**TO DO:**
All records, exactly as written, minus the pictures: copy them out.
==== INPUT FOR THIS TASK
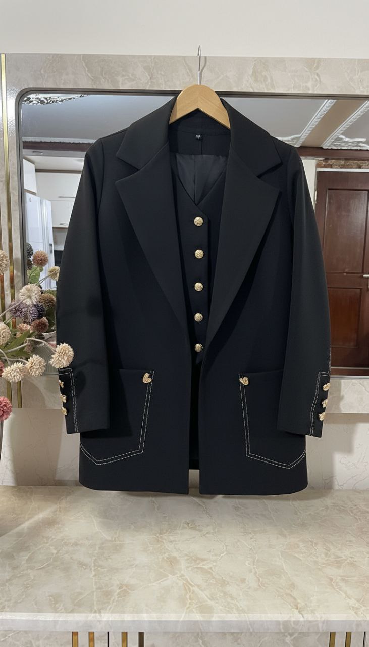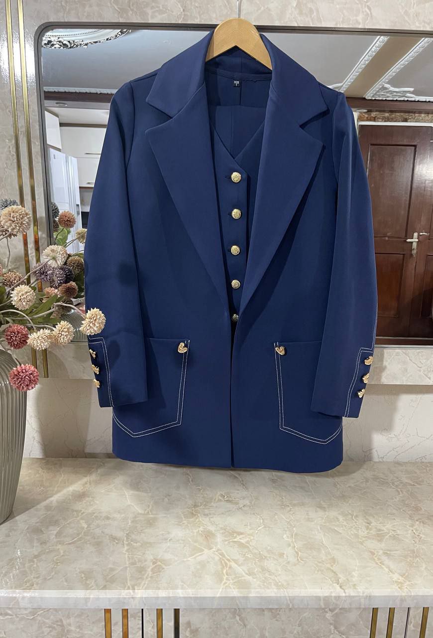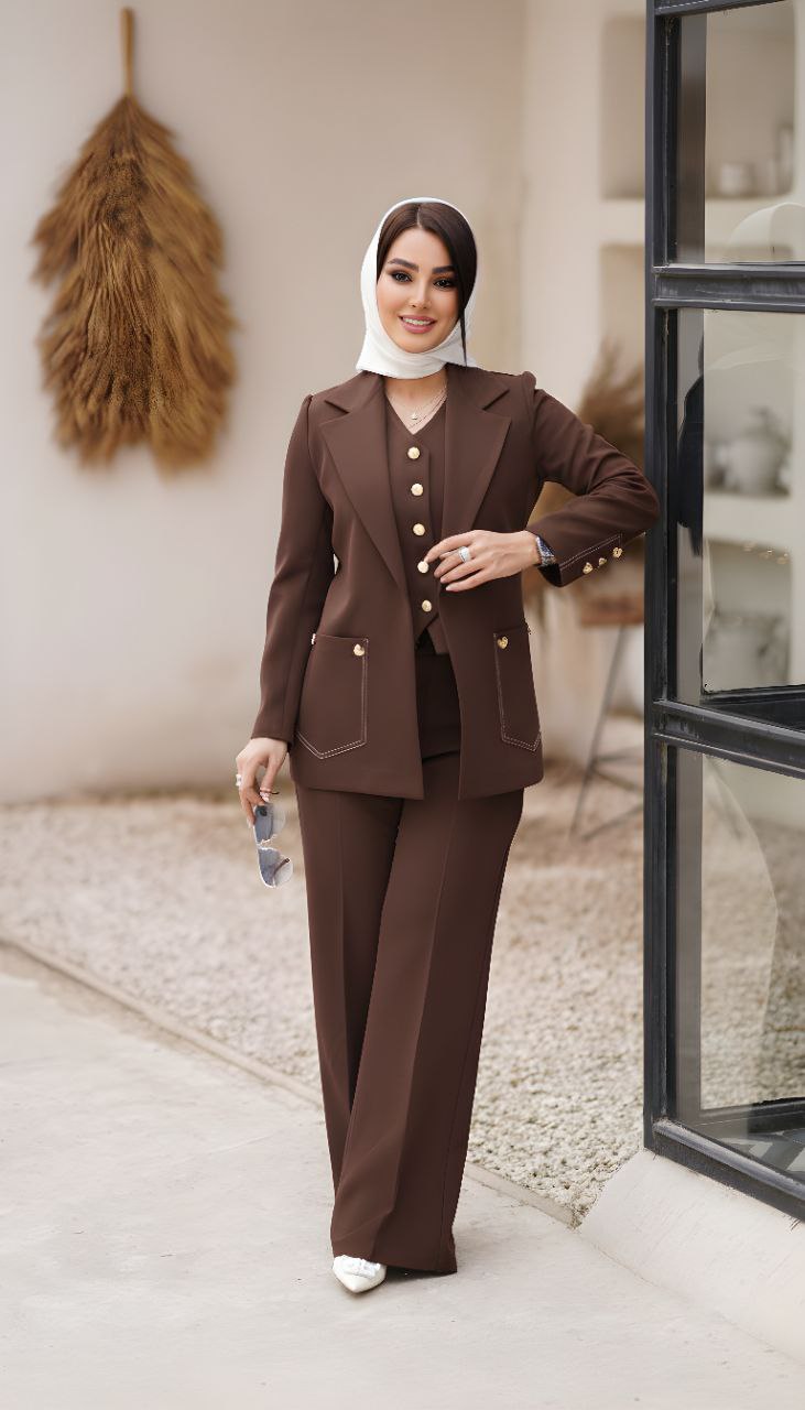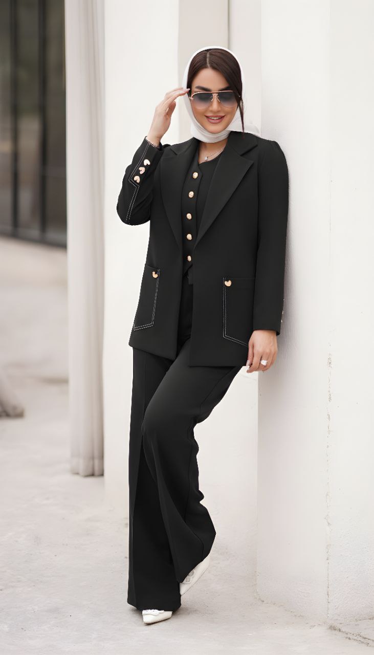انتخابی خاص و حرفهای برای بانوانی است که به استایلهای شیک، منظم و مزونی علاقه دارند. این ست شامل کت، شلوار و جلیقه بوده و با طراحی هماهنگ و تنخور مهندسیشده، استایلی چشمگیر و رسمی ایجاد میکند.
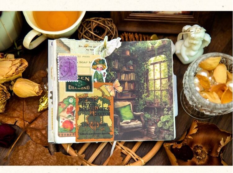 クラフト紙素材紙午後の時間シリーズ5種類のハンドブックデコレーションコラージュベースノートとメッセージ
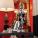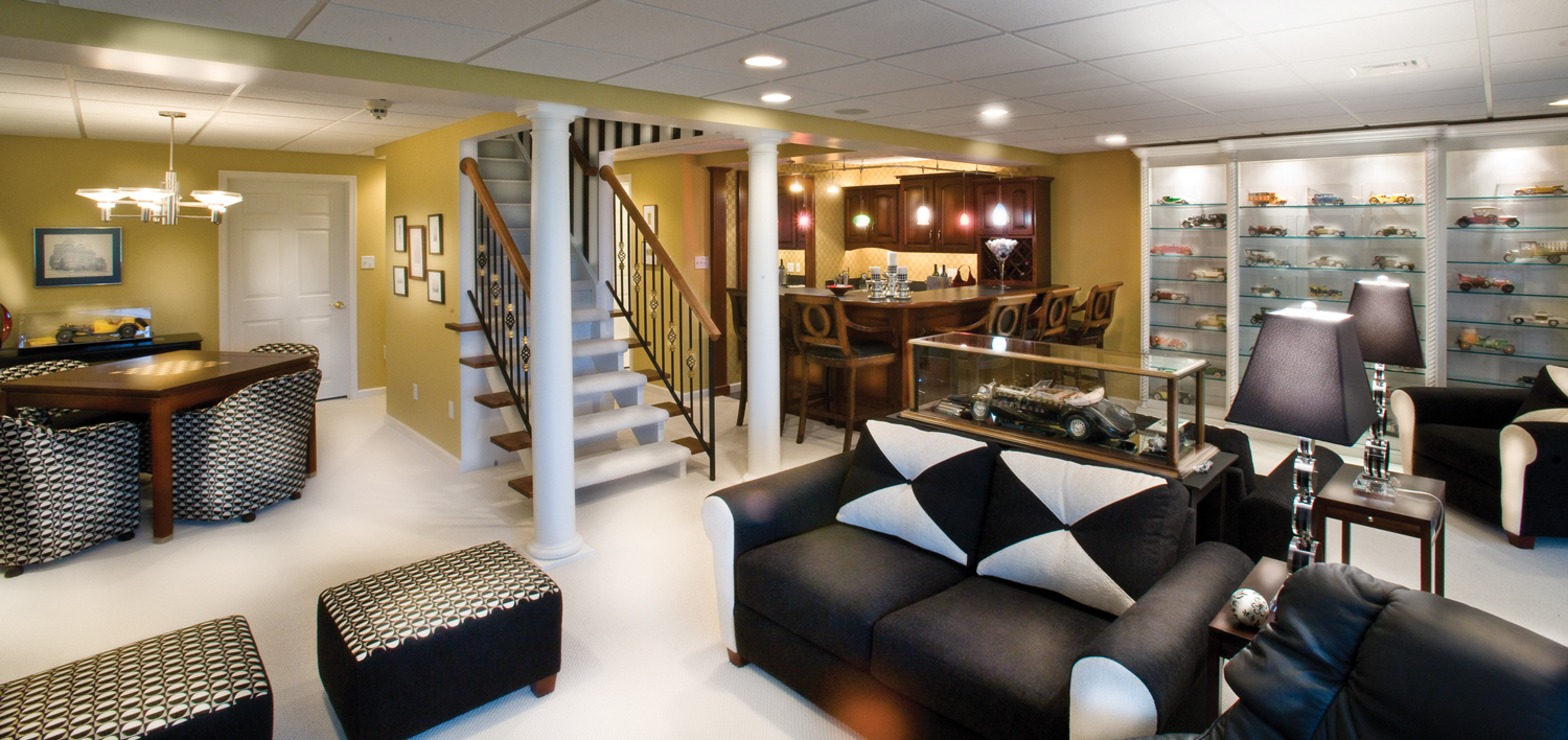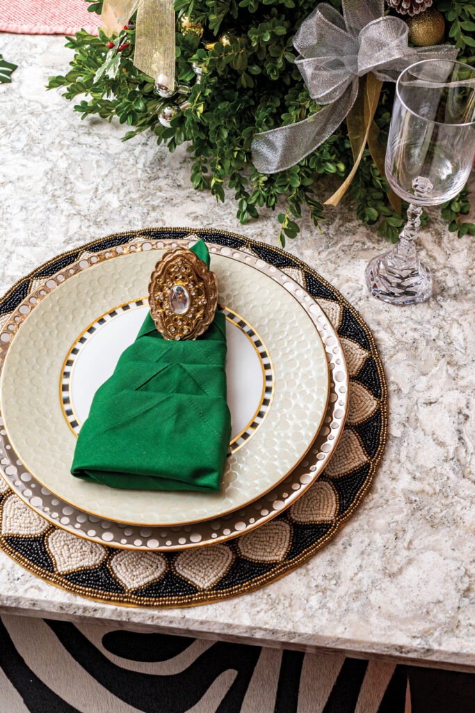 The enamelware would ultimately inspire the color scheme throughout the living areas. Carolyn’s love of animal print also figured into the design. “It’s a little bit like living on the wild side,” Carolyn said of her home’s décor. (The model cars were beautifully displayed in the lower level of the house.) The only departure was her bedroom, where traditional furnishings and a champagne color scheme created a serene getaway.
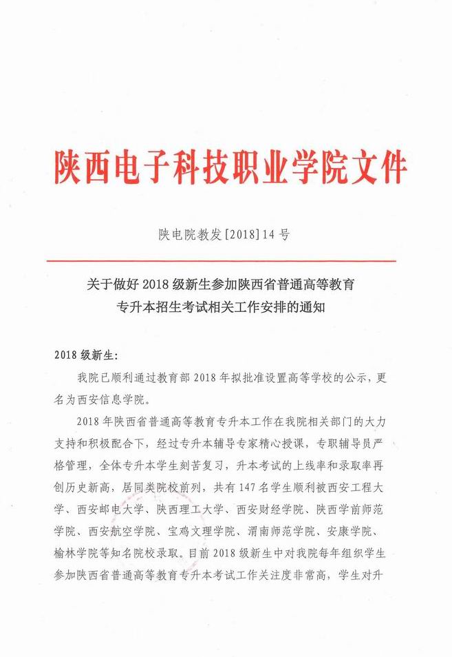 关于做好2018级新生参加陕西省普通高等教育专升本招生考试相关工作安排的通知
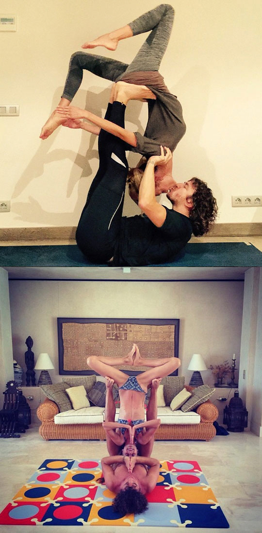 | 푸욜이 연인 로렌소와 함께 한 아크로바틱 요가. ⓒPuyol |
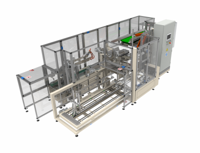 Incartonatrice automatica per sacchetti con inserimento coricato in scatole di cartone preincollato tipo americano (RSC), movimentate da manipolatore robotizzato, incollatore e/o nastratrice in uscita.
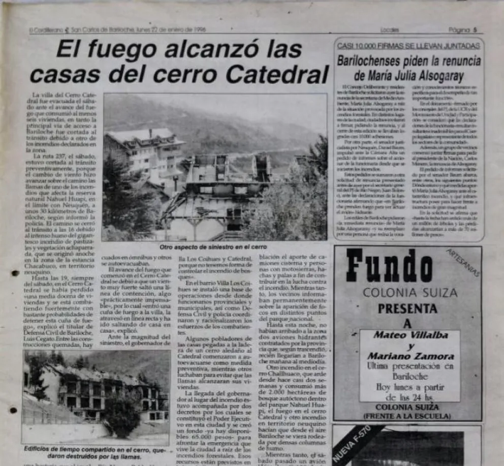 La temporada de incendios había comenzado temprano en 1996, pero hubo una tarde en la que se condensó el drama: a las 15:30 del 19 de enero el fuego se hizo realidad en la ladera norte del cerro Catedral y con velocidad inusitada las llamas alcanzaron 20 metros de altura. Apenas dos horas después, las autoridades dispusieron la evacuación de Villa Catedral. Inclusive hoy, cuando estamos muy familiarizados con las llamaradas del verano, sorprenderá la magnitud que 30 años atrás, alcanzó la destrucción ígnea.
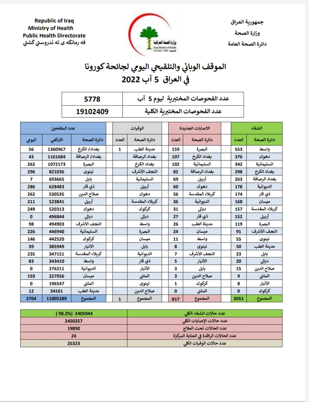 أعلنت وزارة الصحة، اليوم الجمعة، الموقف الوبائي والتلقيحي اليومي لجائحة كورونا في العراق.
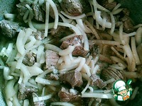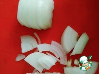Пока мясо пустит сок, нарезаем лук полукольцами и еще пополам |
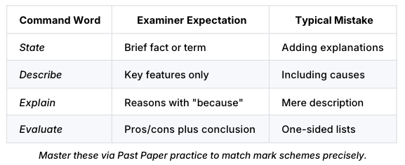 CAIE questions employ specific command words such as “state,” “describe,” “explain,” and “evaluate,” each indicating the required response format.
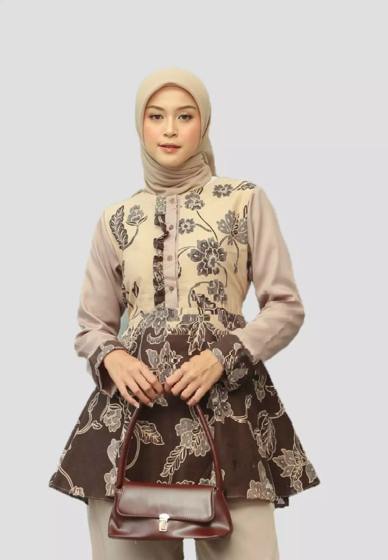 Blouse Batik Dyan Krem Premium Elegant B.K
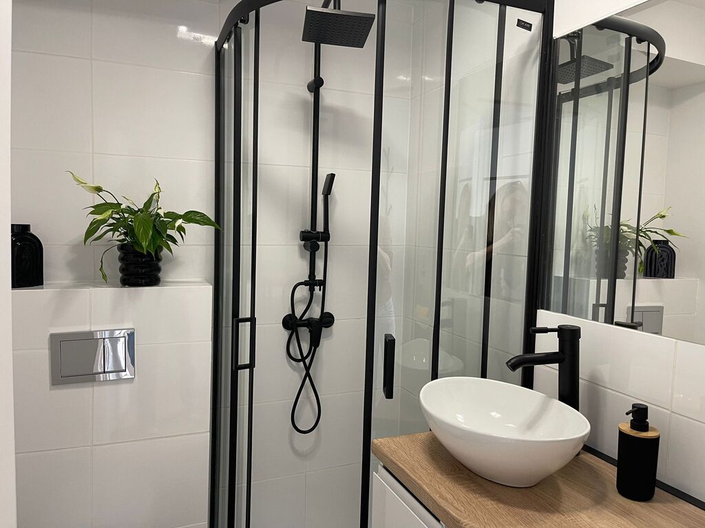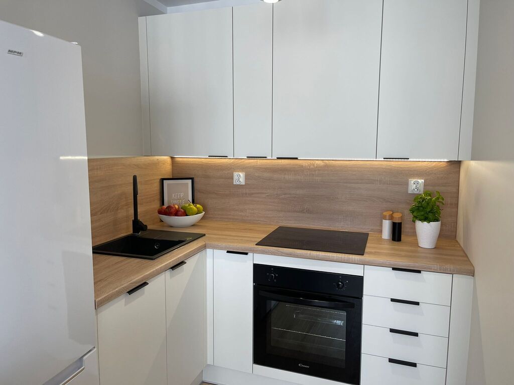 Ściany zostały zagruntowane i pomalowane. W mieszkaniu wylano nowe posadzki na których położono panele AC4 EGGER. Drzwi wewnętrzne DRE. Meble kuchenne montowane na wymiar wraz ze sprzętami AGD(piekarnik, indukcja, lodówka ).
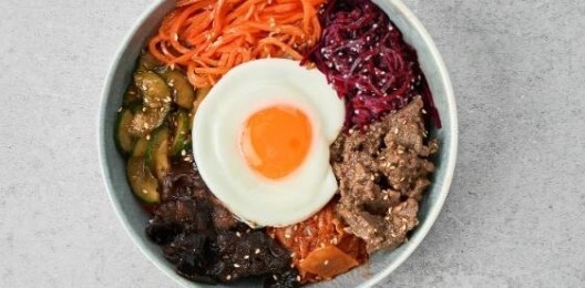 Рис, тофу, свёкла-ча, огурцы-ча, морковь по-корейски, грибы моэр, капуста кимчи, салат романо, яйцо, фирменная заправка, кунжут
========
**RESULT:**
انتخابی خاص و حرفهای برای بانوانی است که به استایلهای شیک، منظم و مزونی علاقه دارند. این ست شامل کت، شلوار و جلیقه بوده و با طراحی هماهنگ و تنخور مهندسیشده، استایلی چشمگیر و رسمی ایجاد میکند.
 クラフト紙素材紙午後の時間シリーズ5種類のハンドブックデコレーションコラージュベースノートとメッセージ
 The enamelware would ultimately inspire the color scheme throughout the living areas. Carolyn’s love of animal print also figured into the design. “It’s a little bit like living on the wild side,” Carolyn said of her home’s décor. (The model cars were beautifully displayed in the lower level of the house.) The only departure was her bedroom, where traditional furnishings and a champagne color scheme created a serene getaway.
 关于做好2018级新生参加陕西省普通高等教育专升本招生考试相关工作安排的通知
 | 푸욜이 연인 로렌소와 함께 한 아크로바틱 요가. ⓒPuyol |
 Incartonatrice automatica per sacchetti con inserimento coricato in scatole di cartone preincollato tipo americano (RSC), movimentate da manipolatore robotizzato, incollatore e/o nastratrice in uscita.
 La temporada de incendios había comenzado temprano en 1996, pero hubo una tarde en la que se condensó el drama: a las 15:30 del 19 de enero el fuego se hizo realidad en la ladera norte del cerro Catedral y con velocidad inusitada las llamas alcanzaron 20 metros de altura. Apenas dos horas después, las autoridades dispusieron la evacuación de Villa Catedral. Inclusive hoy, cuando estamos muy familiarizados con las llamaradas del verano, sorprenderá la magnitud que 30 años atrás, alcanzó la destrucción ígnea.
 أعلنت وزارة الصحة، اليوم الجمعة، الموقف الوبائي والتلقيحي اليومي لجائحة كورونا في العراق.
Пока мясо пустит сок, нарезаем лук полукольцами и еще пополам |
 CAIE questions employ specific command words such as “state,” “describe,” “explain,” and “evaluate,” each indicating the required response format.
 Blouse Batik Dyan Krem Premium Elegant B.K
 Ściany zostały zagruntowane i pomalowane. W mieszkaniu wylano nowe posadzki na których położono panele AC4 EGGER. Drzwi wewnętrzne DRE. Meble kuchenne montowane na wymiar wraz ze sprzętami AGD(piekarnik, indukcja, lodówka ).
 Рис, тофу, свёкла-ча, огурцы-ча, морковь по-корейски, грибы моэр, капуста кимчи, салат романо, яйцо, фирменная заправка, кунжут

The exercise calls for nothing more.